WHAT YOU ARE ASKED TO DO: With any pictures left out, restate word for word the lines in the listing below from the one holding "Basic House/百家好夏季新款高腰垂感七分裤薄款宽松韩版休闲裤女" through the last.

GIVEN INFORMATION:
§
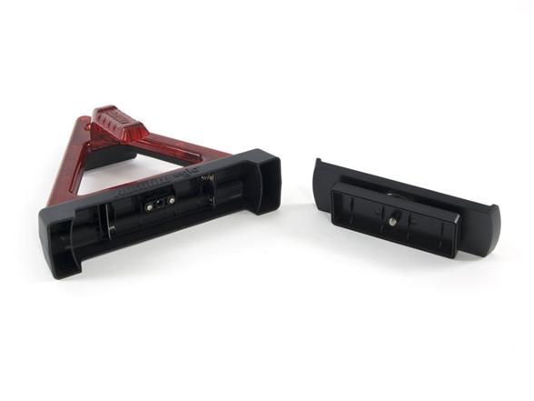 - Can be used as either a bright spotlight/flashlight or as a blinking safety triangle
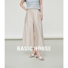Basic House/百家好夏季新款高腰垂感七分裤薄款宽松韩版休闲裤女
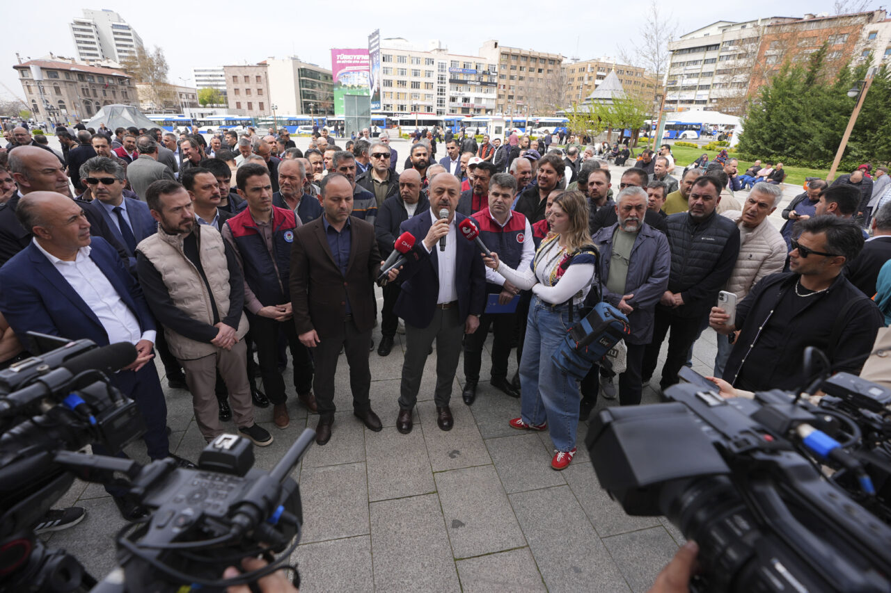 Sendika üyeleri cuma namazı sonrası Ulus'taki Melike Hatun Camisi önünde bir araya geldi.
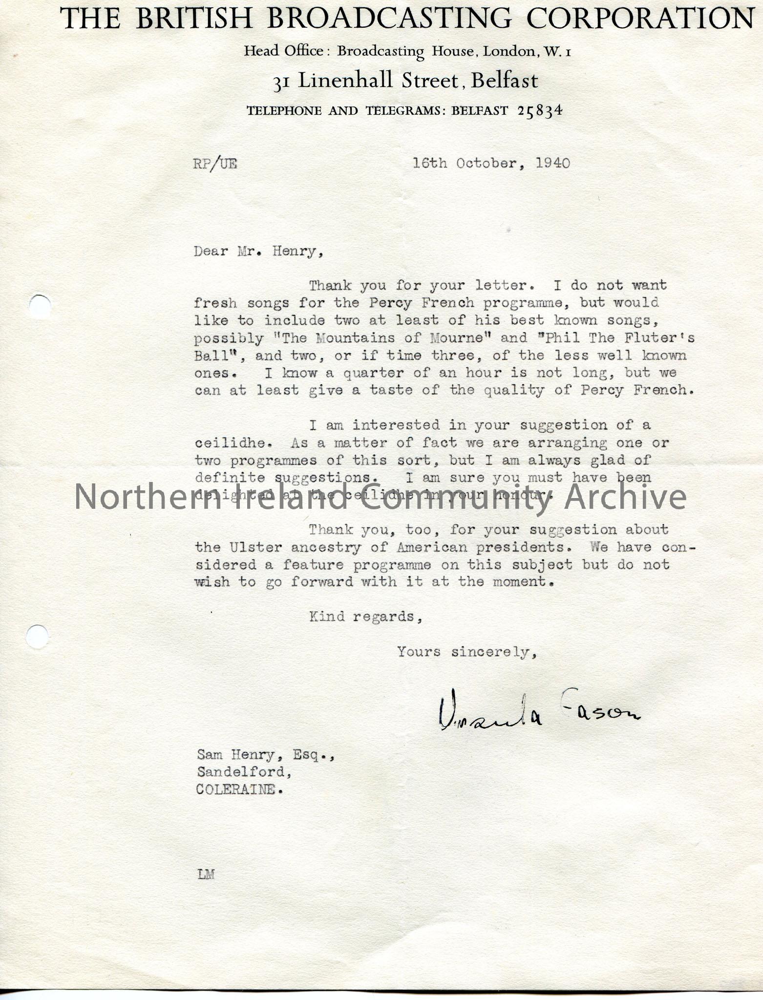 Typed letter to Sam Henry, Sandelford, Coleraine. Writing re Percy French talk for BBC North America Programme. Would like to include the songs 'The Mountains of Mourne' and 'Phil The Fluter's Ball' in the script. Writes on the suggestion of a ceilidhe. Does not currently wish to proceed re Ulster ancestory of American presidents.
§
WRITTEN REPLY:
Basic House/百家好夏季新款高腰垂感七分裤薄款宽松韩版休闲裤女
 Sendika üyeleri cuma namazı sonrası Ulus'taki Melike Hatun Camisi önünde bir araya geldi.
 Typed letter to Sam Henry, Sandelford, Coleraine. Writing re Percy French talk for BBC North America Programme. Would like to include the songs 'The Mountains of Mourne' and 'Phil The Fluter's Ball' in the script. Writes on the suggestion of a ceilidhe. Does not currently wish to proceed re Ulster ancestory of American presidents.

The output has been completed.